(Source records)
BEGIN

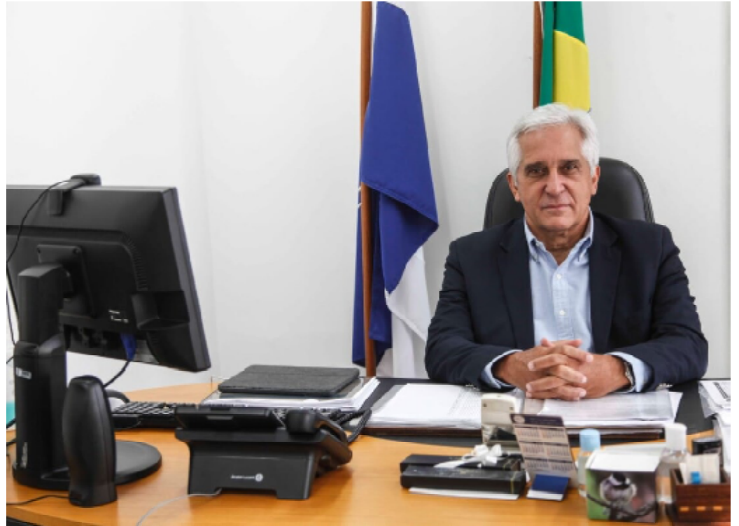
Comte Bittencourt, presidente nacional do Cidadania

O Diretório Nacional do Cidadania decidiu não renovar a federação com o PSDB, que estava válida desde as eleições de 2022. O martelo foi batido de forma unânime em reunião no dia 16, em Brasília. De acordo com o presidente do partido, Comte Bittencourt, o Cidadania ainda não decidiu se vai disputar o próximo pleito sozinho ou se vai realizar outra federação. Agora, a intenção é recuperar a identidade e definir os novos rumos, pensando nas eleições de 2026.
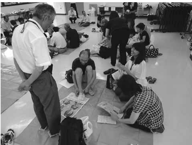
▲新聞紙でスリッパ作りをする参加者
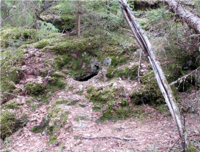
Hamina Hitonharjun Pirunpesä. Kideonkalosta on louhittu savukvartsia kivikaudella. Sisäänkäynti kallion sisäiseen onkaloon käy halkaisijaltaan noin puolimetrisen aukon kautta. Teemu Mökkönen 2019, AKDG5714:1, Museovirasto.

Pronssikauden kohteita edustavat rannikon röykkiö- ja latomuskalmistot, joista näyttävimpiä ovat Kotkan Höyterin kalmistokokonaisuus ja Virolahden Vähä-Harvajanniemen röykkiöt. Sisämaan kohteita edustaa muutama röykkiökohde Kouvolasta, mutta ne saattavat ajoittua myös vanhemman rautakauden puolelle. Sisämaan lapinraunioita ei Kymenlaaksosta ole mukana.
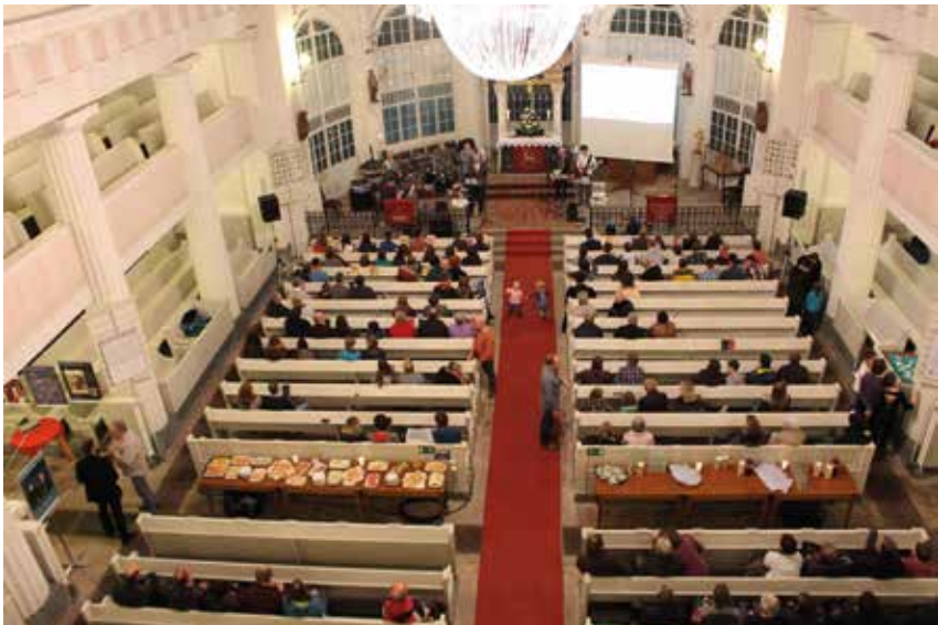
Rückblick Craftword Gottesdienst

END

Nothing but a number should be given: the count of lines in the records that contain the word "presidente".

2